TPPに関する大きな問題4-外交オンチの民主党新自由主義勢力
既に報道でご存じの通り、民主党内は既に「慎重派」(この表現もよくわからない表現だ)が多数派を占めた関係でTPP交渉参加表明会見は延期になった。
■野田首相のTPP交渉参加表明会見は11日に延期
http://www.asahi.com/politics/update/1110/TKY201111100337.html
だがこれが単なるジェスチュアに過ぎないことは明らかだ。野田佳彦という人物のTPPへの参加の意思はゆるぎないものと思われる。
これは内閣不信任案をかわす狙いもある、という情報もあるが、いずれにせよ参加表明を強行すれば党が分裂するだけでなく野田政権には次のようなリスクがある。
1.野田政権に対して内閣不信任案を突き付け、野田内閣を総辞職に追い込む (民主党議員に離反組が相当数出ると思われる)
2.野田佳彦氏を日本国憲法第99条=憲法擁護義務違反で訴える
3.国会でTPP交渉参加反対決議を行う
これらはいずれも現実に充分起こりうる事態だが、これだけのリスクを押してでも参加表明を強行する理由は一体何なのか?
正直わからない。
読売新聞のわざとらしい記事があるが、本当にこんなことが理由なのだろうか?
■TPP交渉参加表明へ…首相、有言実行アピール
http://bit.ly/vMP3iT
首相は9月の就任以来、安全運転で政権運営に当たると公言し、挙党態勢の構築に腐心してきた。その中で、党内に多数の慎重派を抱えるTPP交渉参加は「首相の最初の判断」(細野環境相)となった。
民主党政権はこれまで、鳩山元首相が沖縄県の米軍普天間飛行場の県外移設を掲げて迷走したり、菅前首相が消費税率の引き上げを訴えながら先送りしたりと、党内でも「言いっ放しで実現しないことの繰り返しの2年間」と自嘲する声が漏れるほどだった。それだけに、TPP参加表明が「有言実行」の形となることで、「米国からも経済界からも『野田首相は信頼できる』と評価され、政権が安定する」(首相周辺)と自賛する声が上がっている。
どのマスコミもそうだが取り分け読売とサンケイはTPPを推進派なのでそのまま信じるわけにはいかないが、もし理由がこれだと首相は国民よりはアメリカと財界しか見ていないということになる、
それともう1つ考えられるのは民主党政権の外交オンチぶりである。
民主党の外交オンチぶりは記憶に新しい尖閣諸島中国漁船衝突事件で既に立証済みだ。
「政治主導の内閣」といいながら実態は官僚まかせ、という状況が官僚のサボタージュを生み、当時の菅首相は醜態をさらした。

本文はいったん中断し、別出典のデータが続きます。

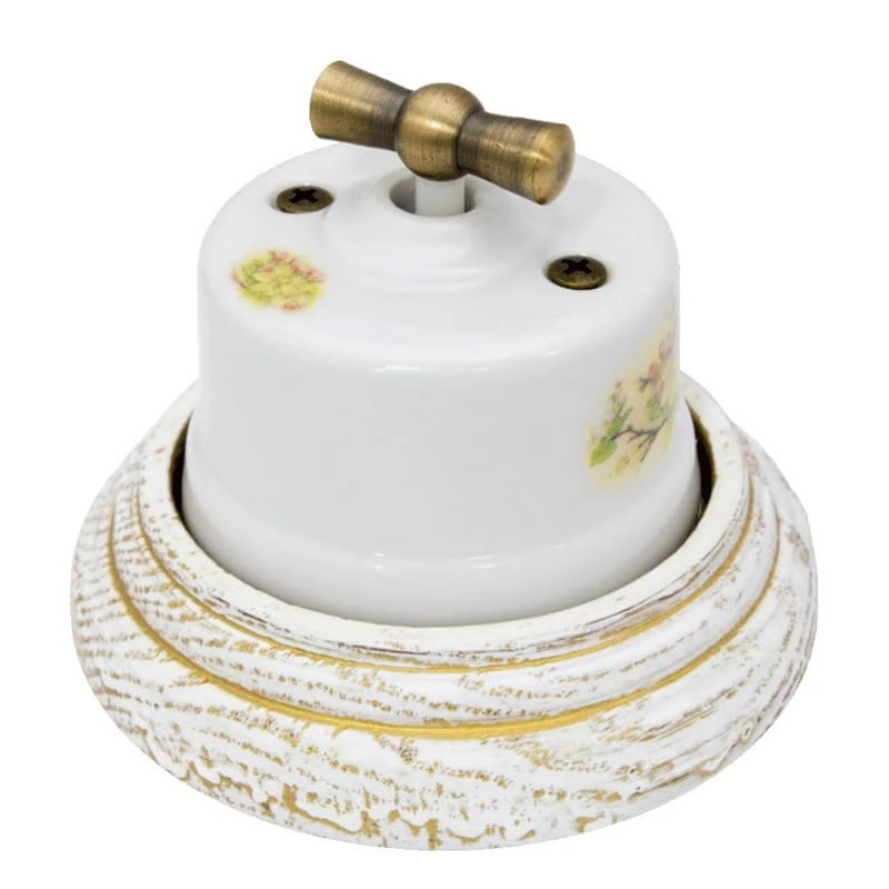 Ретро выключатель четырехпозиционный Salvador белого цвета с росписью яблоня прекрасно подходит для современных интерьерных решений. Винтажный выключатель Сальвадор OP21AP отменного качества. Он разработан с учётом всех современных требований, стандартов и ГОСТов.Белый - один из самых популярных цветов. Поэтому не удивительно, что такой ретро выключатель наиболее часто используется дизайнерами, как при классических интерьерных решениях, так и в стилях лофт, стимпанк, эко.Данный ретро выключатель прекрасно сочетается в комплектации с интерьерными ретро проводами, наружными латунными трубками или даже с внутренней скрытой проводкой. Белый выключатель Salvador с узором яблоня выполнен из фарфора и патинированной латуни, что придает такому интерьерному аксессуару особый шарм!
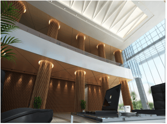 4. 16米超高挑空大堂,高档花岗岩材质,典雅大气,,彰显企业尊贵形象;

特に外務官僚は他の省庁よりも変な意味でプライドが高いから、彼らのサボタージュは本当にロコツだった。
まあ民主党は初めて政権をとったのだから外交経験が浅いのはある程度仕方がない。しかしそれならそれで準備を普通以上にするべきだろう。
今回のTPPの取り組み方を見るとどうも尖閣諸島中国漁船衝突事件の教訓を学んでいるとは思えないのだ。

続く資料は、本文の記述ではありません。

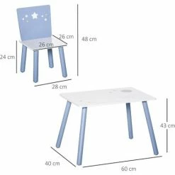 HOMCOM Kids Adjustable Table And Chair Set Blue And White For 1-4 Years Old
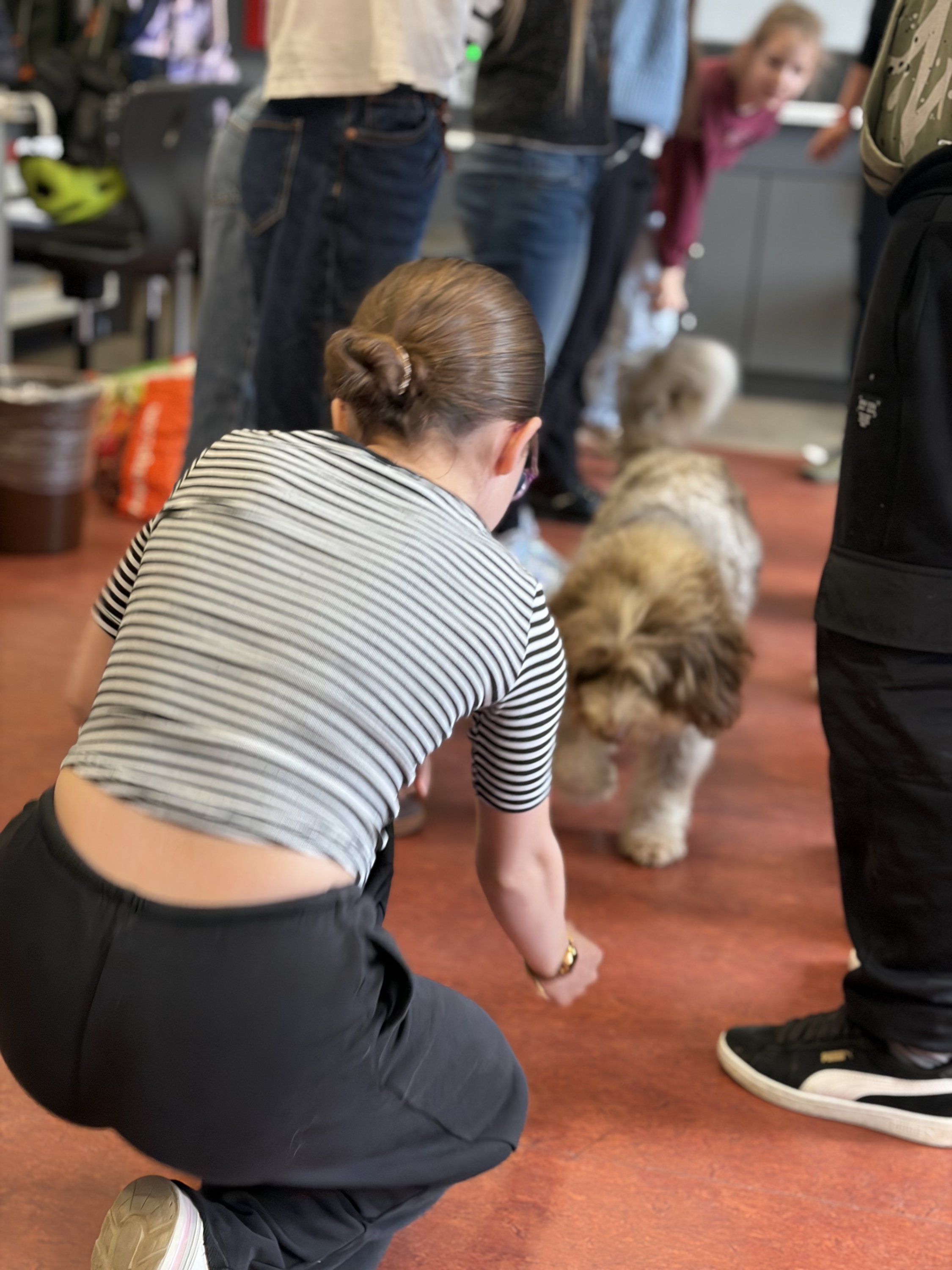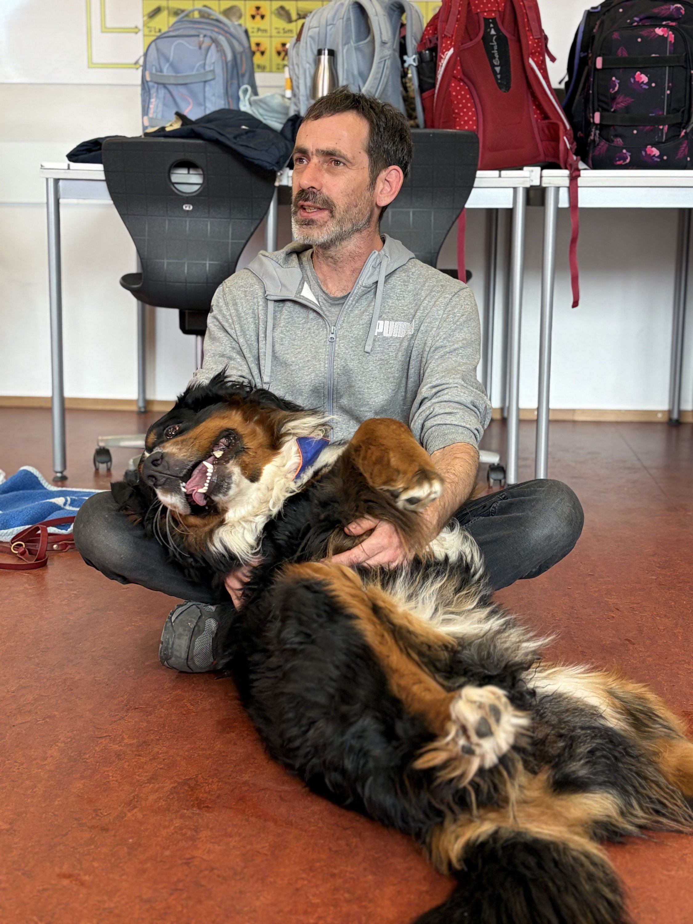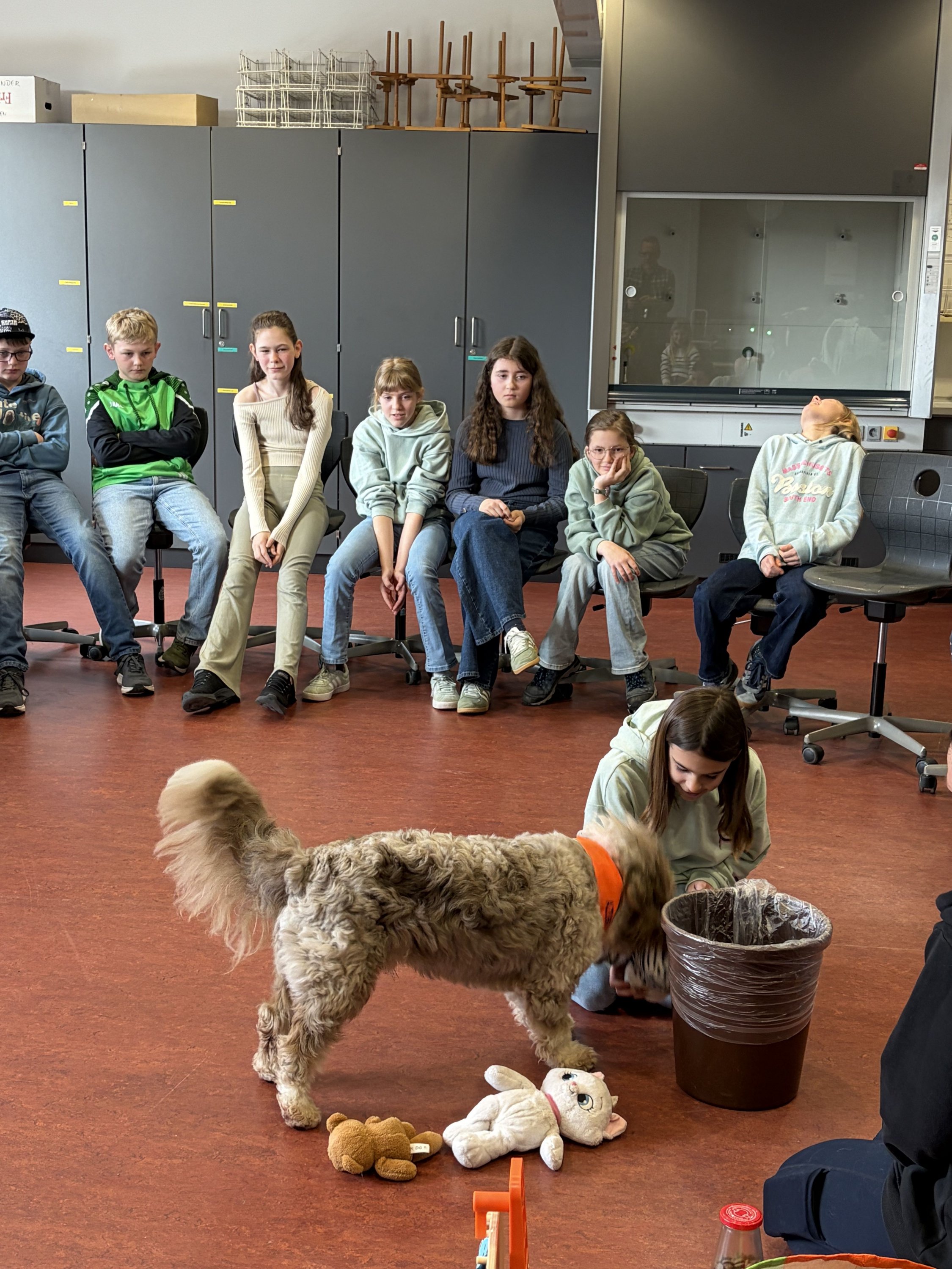 Für die angehenden Therapiehunde ist es wichtig, Alltagssituationen realistisch zu erleben. Deshalb fand der Besuch bewusst im laufenden Schulbetrieb statt. Die Hunde konnten in Kontakt mit Schülerinnen und Schülern treten, verschiedene Geräusch- und Bewegungssituationen kennenlernen und ihr ruhiges, freundliches Verhalten unter Beweis stellen.

ラチェット規定やISD条項のリスクに対する認識も本当にわかっているのか疑問だ。そしてこれを強力に推進しようとするアメリカに対して本当に交渉能力があるとは思えない。野田首相は国会でのんきに「健康保険は維持する」などと発言しているが、ラチェット規定やISD条項はそれを許さない可能性が高いのだ。
別に小沢一郎を擁護する気などさらさらないが、このTPPのラチェット規定やISD条項がもたらすリスクを軽減するには小沢一郎のようなタフなナゴシエーターでないと到底太刀打ちできるものではない。野田首相は勿論、岡田や前原にもその能力があるとは思えない。
相手を甘く見ている。特に日本の財界も含めて国際金融資本勢力、と言われる連中を甘く見ているとしか思えない。だがアメリカ社会だけでなく世界をおかしな方向に進めているのが国際金融資本勢力なのだ。今の民主党政権が彼らに太刀打ちできるとは到底思えない。